Marie-Jeanne HUSSET, directrice de la revue 60 Millions de consommateurs
in Marianne n°597
 

        Les changements avaient été si subtils, si infimes, si progressifs, que personne n’avait rien remarqué. Les pâtes à tartiner ne contenaient plus de chocolat depuis longtemps, aussi l’ajout d’huile de vidange passa inaperçu – sauf auprès de certains consommateurs qui se réjouirent d’une soudaine amélioration de la teinte et de la texture du produit.

        Habitués au pain sec et rassis vendu sous le nom de brioche, les clients ne furent pas désagréablement surpris en trouvant, au lieu des habituelles tranches puantes et moisies, de belles et lisses galettes de plâtre.

        Durant les vingt derniers mois, la viande était progressivement devenue caoutchouteuse, difficile à mâcher, impossible à cuire. L’évolution, graduelle, avait été imperceptible. Aussi personne ne prit la peine de regarder l’étiquette où l’on pouvait lire, en petits caractères, les mots : « présence possible de tendons de rongeurs ».

        Le vin était imbuvable depuis si longtemps que seuls les plus anciens clients se souvenaient que le mot avait autrefois désigné un breuvage qui ne causait pas ulcères, brûlures de l’oesophage et fonte des gencives. Dans l’esprit de la plupart des acheteurs, le vin avait toujours été cela : une boisson d’homme qu’on avale en serrant les dents, généralement pour la vomir quelques minutes plus tard. Les fabricants dormaient tranquilles : qui allait bien prendre la peine de lire la minuscule étiquette de mise en garde ? « Compost liquide réalisé à partir de vignes malades issues de zones inhabitables de la communauté européenne » – comment prendre cela au sérieux ?

        L’environnement aussi avait changé. Les hauts-parleurs des supermarchés ne diffusaient plus les derniers succès de la variété internationale mais des grésillements et sifflements dont la fréquence était comprise entre cinq et quinze kilohertz, générés aléatoirement par un potentiomètre de mauvaise qualité. Les clients ne s’en plaignaient pas et les enseignes, n’ayant plus à payer de droits d’auteur, réalisaient de substantielles économies.

        Les produits étaient de moins en moins mis en valeur. Des lampes de deuxième ou de troisième main éclairaient d’une lumière blafarde des emballages dont la laideur et la fragilité allait chaque jour s’accroissant. De certains néons fendus s’échappait du gaz, effet secondaire mais pas inutile de cette politique de réduction des coûts : l’odeur acide et irritante qui émanait des tubes endommagés n’était peut-être pas agréable, mais la puanteur dégagée par la viande pourrissant dans des congélateurs constamment en panne l’était encore moins.

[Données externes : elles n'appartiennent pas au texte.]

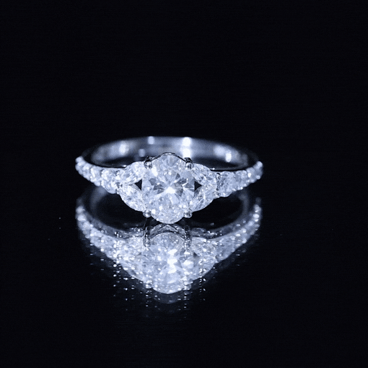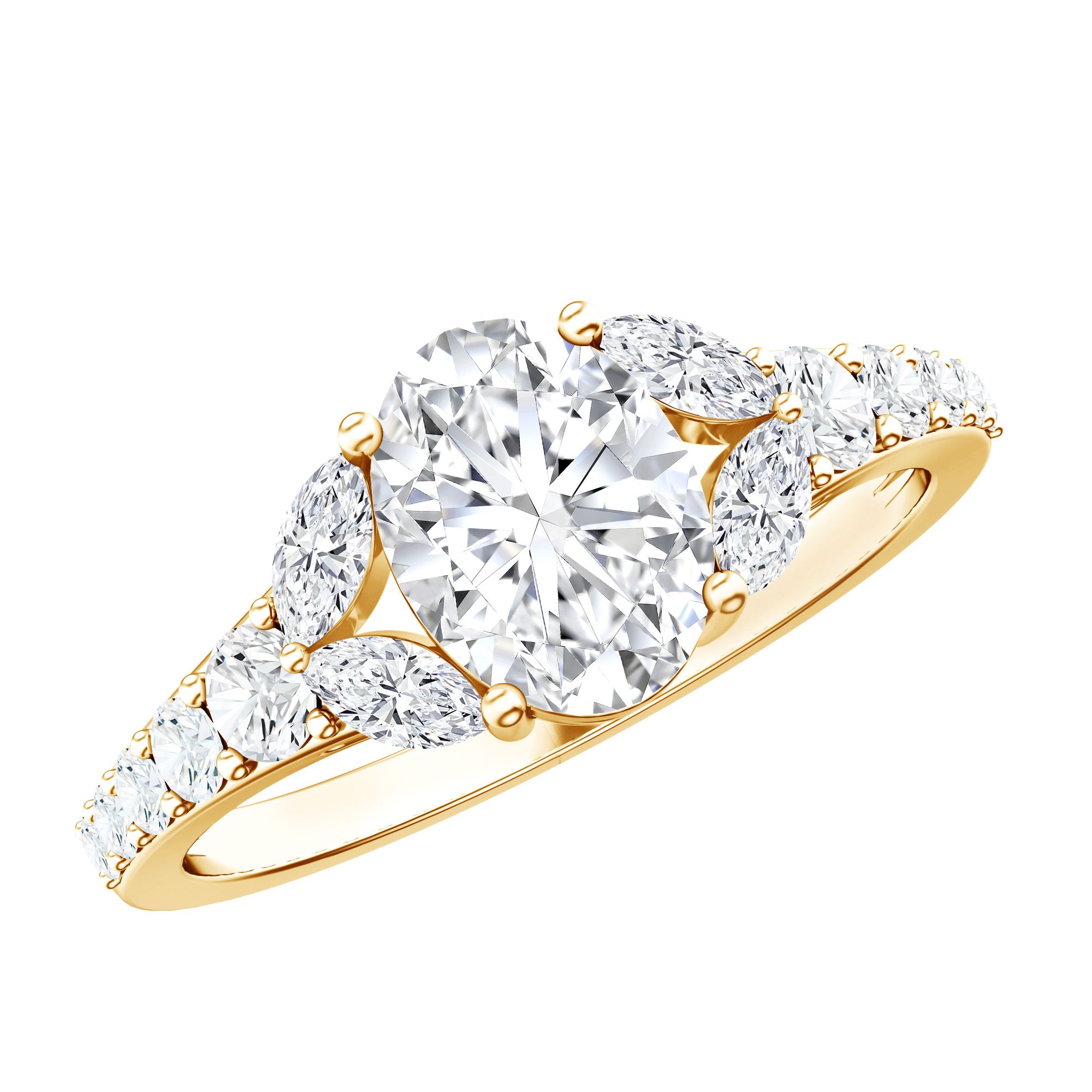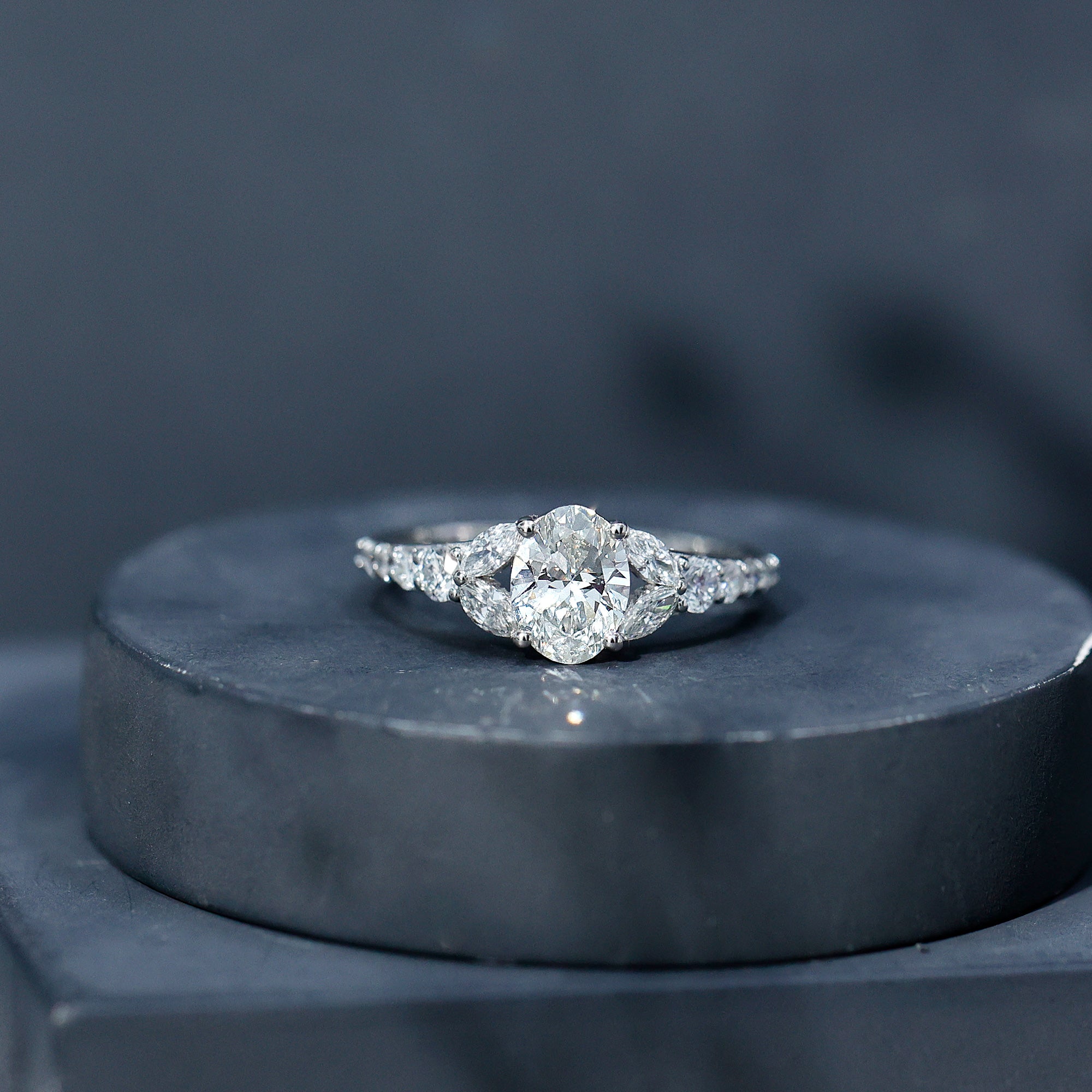 Certified 6X8MM Oval Lab Grown Diamond Engagement Ring With Side Stones

        Le personnel était de toute façon si mal payé qu’il se fichait comme d’une guigne de l’état du matériel. Les magasiniers ne rangeaient plus les rayons et se contentaient de déverser à même le sol des cartons sommairement éventrés à l’aide un couteau sale emprunté au rayon boucherie. Les caissières insultaient les clients qui, dociles, les yeux rougis et l’esprit embrumé par les émanations toxiques flottant dans l’air, n’avaient plus la volonté ni les moyens intellectuels de se défendre. Parfois certains disparaissaient pour ressurgir des semaines plus tard, amnésiques, hagards, errant au milieu d’un parking où rouillaient des Logans. D’autres ne réapparaissaient jamais, mais personne ne s’en souciait : les prix étaient restés stables, c’était le plus important – mieux valait ne pas lire les étiquettes.